= What is expected =
Beginning at the first line of the material, output each line exactly until you reach and include the line containing "Шпильки и болты". Leave every picture out.
Segment Start: Supplied information
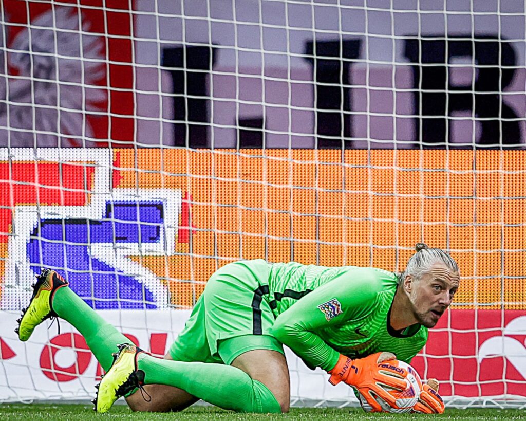 وخاض الحارس ريمكو باسفير صاحب الـ38 عام يلعب اليوم أول مباراة دولية له مع منتخب هولندا
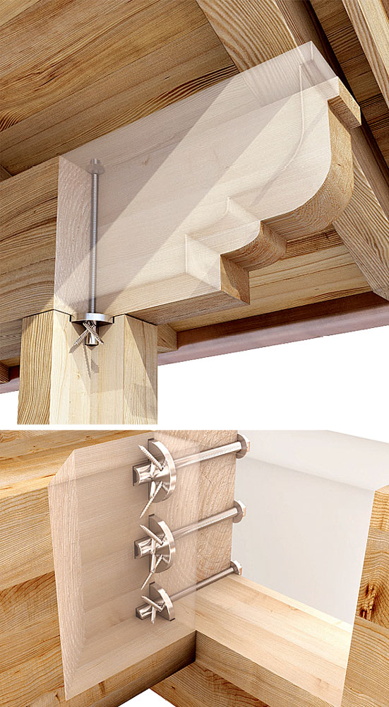 Шпильки и болты устанавливаются через сквозное отверстие, которое должно быть просверлено в каждой из скрепляемых деталей. Непосредственная фиксация осуществляется посредством закручивания гаек. Крупные шайбы позволяют увеличить опорную площадь и предотвратить погружение гаек/головок в древесину.
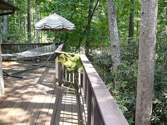 This is a beautiful three bedrooms/two and one half bathrooms house built in 2000, sits amongst boulders, and canopied with Rhododendron and hardwoods. Home is exquisitely decorated. The home has hardwood floors, front and back decks for relaxing and enjoying the beauty of the trees and quiet of this part of Hound Ears. This is one level living with just a few steps up to the deck level and home entry. House has reverse cycle air conditioning and an oversized double car garage. The house is being sold furnished with exceptions, www.201cascades.com at offer acceptance. The ambiance of this home is heightened by the outside landscaping with a great mix of blooming flowers and bushes and evergreen plants and bushes. The front and back of the living/dining area are framed with windows that allow a maximum amount of light in, that with the cathedral ceiling brighten and warm the whole interior setting. This is the ideal home, be it a second vacation home or a primary home! Radon mitigation system installed in crawl space.
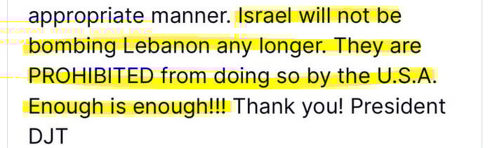 «Το Ισραήλ δεν θα βομβαρδίζει πλέον τον Λίβανο. Οι ΗΠΑ τους απαγορεύουν να το κάνουν. Φτάνει πια!!!» έγραψε σε ανάρτησή του στο Truth Social.
Segment End: Supplied information
= Written answer =
 وخاض الحارس ريمكو باسفير صاحب الـ38 عام يلعب اليوم أول مباراة دولية له مع منتخب هولندا
 Шпильки и болты устанавливаются через сквозное отверстие, которое должно быть просверлено в каждой из скрепляемых деталей. Непосредственная фиксация осуществляется посредством закручивания гаек. Крупные шайбы позволяют увеличить опорную площадь и предотвратить погружение гаек/головок в древесину.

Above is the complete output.